Apa pun keputusannya, suka-suka menurut keyakinan yang ditempuh masing-masing. Tentu tidak ada yang salah dan itu sangat tergantung kepada mindset masing-masing. Tetapi harus diingat bahwa jalanmu adalah jalanmu, dan itu pilihanmu, sedangkan jalanku adalah jalanku, dan itu pilihanku. Kalau mengutip perkataan Budha; “temukanlah sendiri cahayamu, temukanlah sendiri jalanmu.” Saya yakin sebuah karya akan menemukan takdir baiknya. Tidak punya ambisi sebagai penulis komersial juga sebuah pilihan. Namun, menjadi penulis yang terus berproses juga sebuah pilihan.
Jadi, bahagialah dengan apa yang menjadi pilihan masing-masing. Menurut saya, berkarya bukan untuk gagah-gagahan agar terlihat hebat atau keren, namun bagaimana kita mampu menghasilkan sesuatu yang membawa kepada kemaslahatan orang banyak, dan syukur-syukur dapat menginspirasi pembacanya, apalagi sampai mampu mengubah hidupnya menjadi lebih baik. Bukankah itu membawa kemaslahatan?
Saya pernah mendengar bahwa karya sastra perlu dibaca banyak orang karena karya sastra turut serta menjaga nilai-nilai dalam perkembangan peradaban. Apalagi di era serba digital, masyarakat cerdas 5.0, kecerdasan buatan atau AI, dan sebagainya, karya sastra sangat dibutuhkan untuk menjaga aspek humanistik dari perkembangan semua aspek. Karya sastra akan memperhalus jiwa manusia, sehingga menjadi berkarakter dalam menghadapi tantangan zaman.
Jadi sekali lai, bagi saya pribadi, menulis puisi berangkat bukan dari kekosongan, apalagi kesombongan.
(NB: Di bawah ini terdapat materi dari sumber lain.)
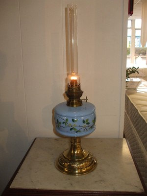 Title (ebay affiliate link): VICTORIAN BRASS HAND PAINTED FLORAL OIL LAMP *ORNATE BASE* *UNUSAL & PRETTY*
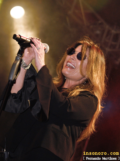 Y llegó el momento por todos esperados, la canción que la catapulto a la fama osea “First time”, esa canción que nos descubrió a la artista en el año 1988 gracias a ese famoso anuncio de un refresco y que estuvo integrado también en el segundo disco de la artista editado el siguiente año; ni que decir tiene que este fue el momento más emotivo de la noche, con muchos recuerdos entre los que recordábamos esta canción e incluso la bailábamos en aquellos lentos con la chica que nos gustaba. Después de este momento de nostalgia, llegó el turno de volver a discos más recientes como ese “The great escape”, del 2011, en donde estaba incluida el tema “The one”, en la que nos siguieron transmitiendo el buen rollo que tienen entre ellos sobre las tablas, antes de seguir con la potente “Love lies”, de su disco del 2007, llamado “Livin´ on a dream” y es que la protagonista de la velada tienen muchas canciones buenas en todos sus discos. Llegaba el final de concierto y era el turno de la sensacional “Hide your heart” que los Kiss hicieron para Bonnie Tyler y que Robin Beck publicó en su famosísimo segundo disco, en la que buscó y consiguió interactuar con un público que se dejó la voz a conciencia ya que se acercaba el termino del mismo, con un espectacular duelo de guitaras como punto final. Y así, tras hora y media, terminaba la actuación de Robin Beck y su banda, sin bises, pese a la insistencia de los presentes, eso sí, no fue por ganas de ella, que salió a disculparse diciendo que por ella hubieran tocado más pero que no les dejaban; y es lo que tiene hacer un concierto en pleno centro urbano un día laboral. Robin Beck dio un conciertazo, de esos que se te quedan grabados, mostrándose siempre muy cercana y dialogando mucho con la gente; pena de no saber más de inglés para haberme enterado algo más. Cuenta con una magnifica banda que interpreta los temas con gran calidad y dotando a las canciones de más fuerza de las que tenían en las grabaciones originales. Por cierto, como muchos de los presentes, me di cuenta que conocía muchos más temas de Robin Beck de los que pensaba, por lo que habrá que hacer una revisión de su discografía en cuanto me sea posible. www.robinbeckrocks.com Y así marché de la Plaza Porticada de Santander contento por la especial noche vivida que hizo que se me pasase el mosqueo por el tema de los horarios, quedando ya a esas horas muy poca gente y es que no olvidemos que era lunes y al día siguiente tocaba madrugar. Ojala se sigan trayendo grandes artistas como Robin Beck a Cantabria y si encima son gratis pues mejor. |
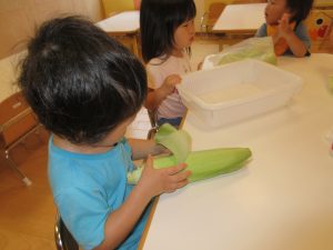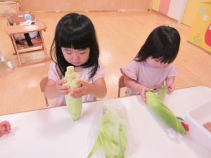 みんなで力を合わせてとうもろこしの皮が剥けました👏👏
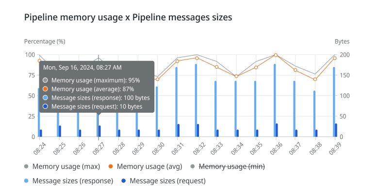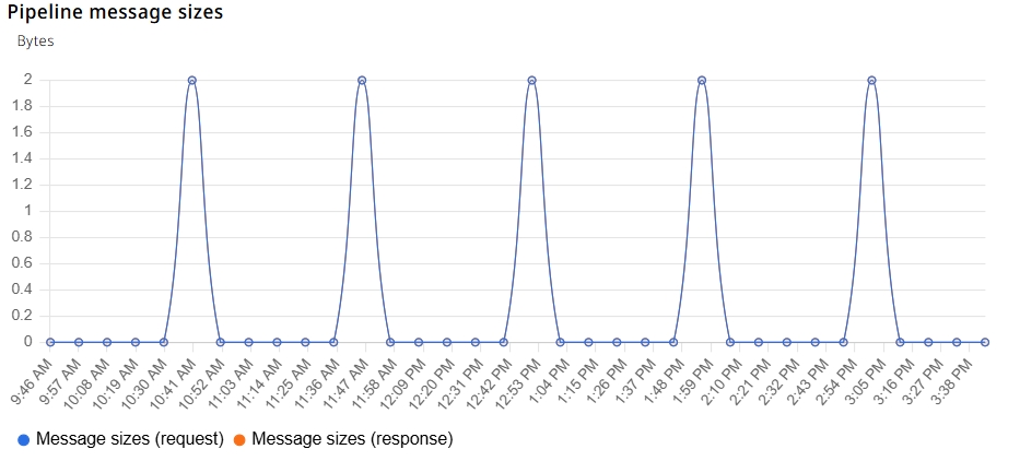 The lines in this chart show the average request and response message size in bytes for all pipeline replicas, for many intervals in the selected time period. You can see the line's label by hovering the cursor over it.
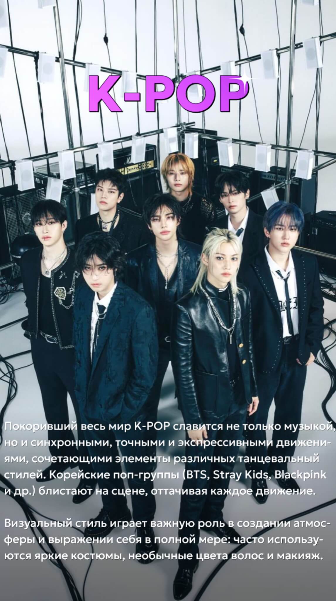 Покоривший весь мир K-Pop славится не только музыкой, но и синхронными, точными и экспрессивными движениями, сочетающими элементы различных танцевальный стилей. Корейские поп-группы (BTS, Stray Kids, Blackpink и др.) блистают на сцене, оттачивая каждое движение.
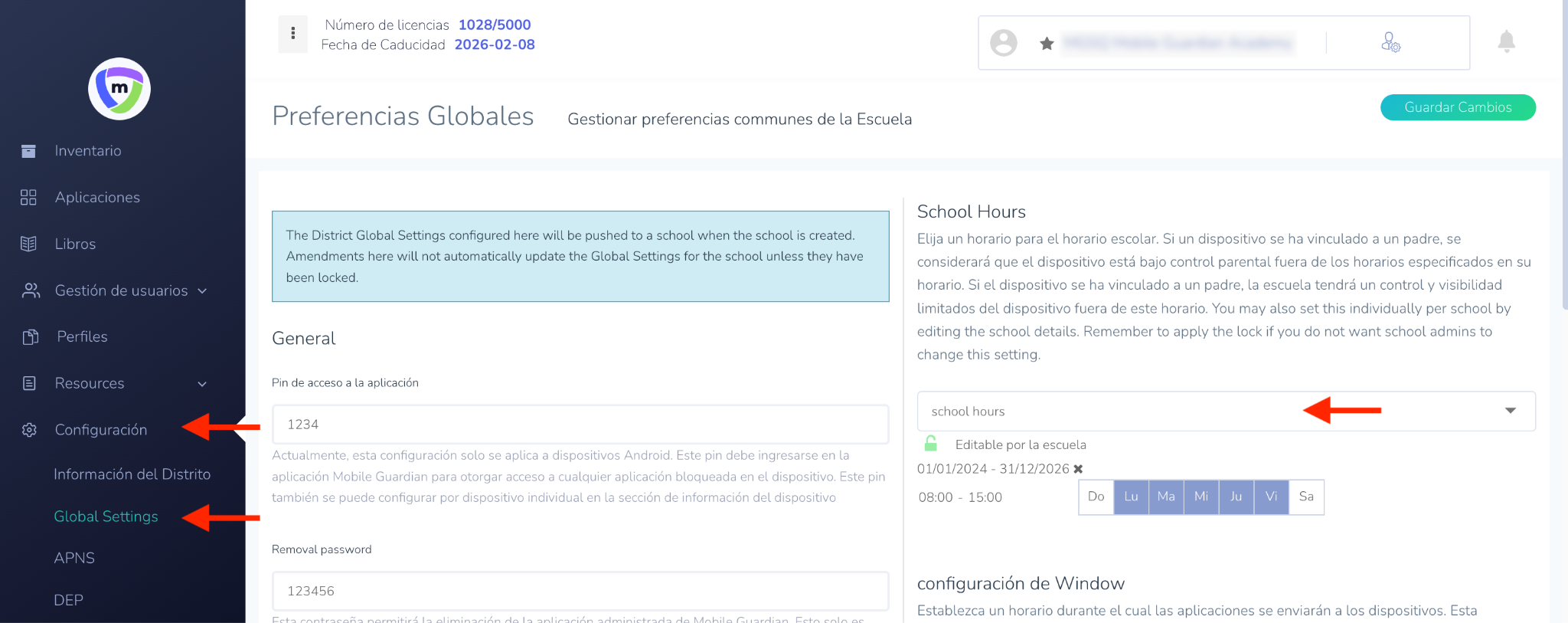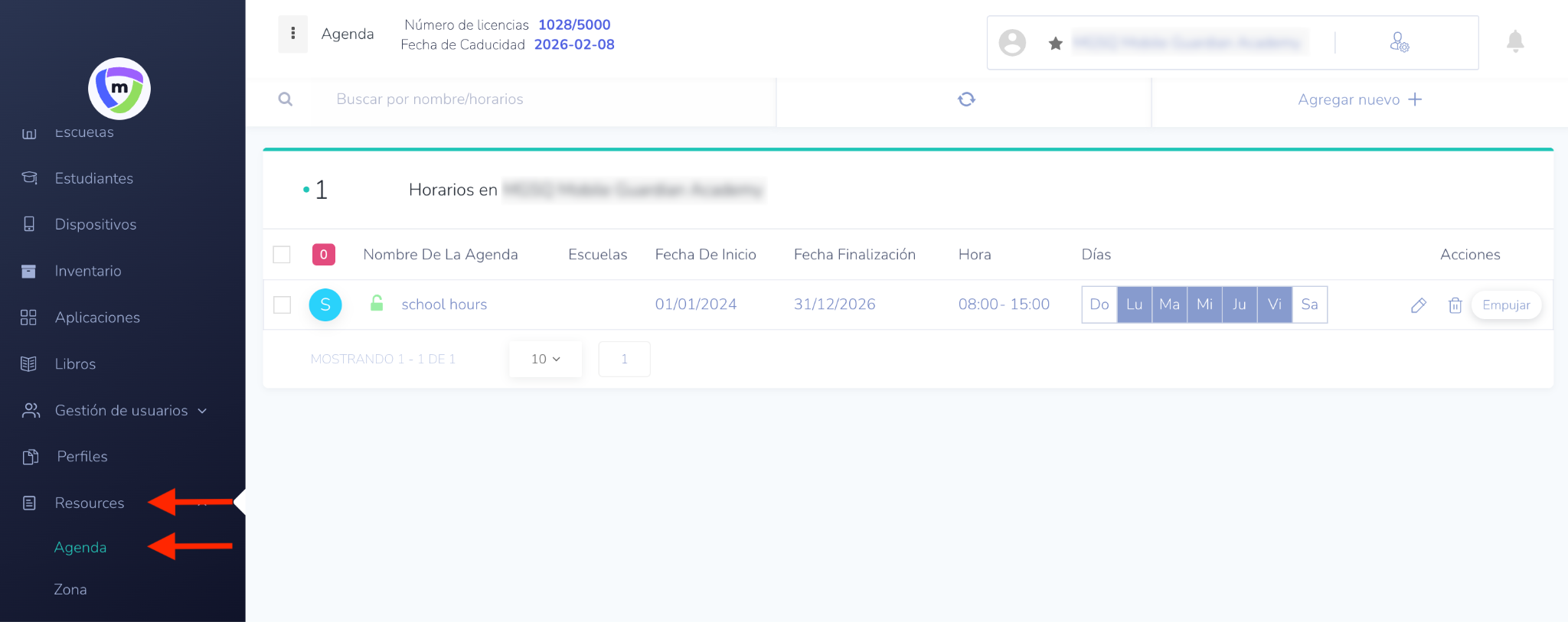 Debe asegurarse de haber añadido la configuración del horario de la escuela o del distrito antes de que los profesores necesiten iniciar las clases. De lo lo contrario, su experiencia con Mobile Guardian podría verse afectada negativamente.

Tidak sama sekali. Saya memulai dari kegaduhan dalam diri, bagaimana belajar pelepasan, berdamai dengan luka, bagaimana mengatasi kegelisahan yang bising di kepala. Saya berangkat dari keinginan untuk “sembuh” atau healing, serta menjadi proses katarsis yang membuat saya tercerahkan.
Kita menjadi dewasa dan bijaksana melalui berbagai benturan, berbagai ujian, kita menghadapi dan melewatinya dengan sepenuh jiwa. Mengutip Nietszche; “sesuatu yang tidak membunuhmu akan membuatmu semakin kuat.” Menulis adalah salah satu cara kita merekam proses “terbentur” tersebut, dan mempublikasikan karya berarti kita membagikan “mutiara” pengalaman tersebut kepada orang lain atau masyarakat. Semua akan menemui takdirnya, dan takdir terbaik adalah, apabila tulisan tersebut memberikan kemaslahatan kepada pembacanya.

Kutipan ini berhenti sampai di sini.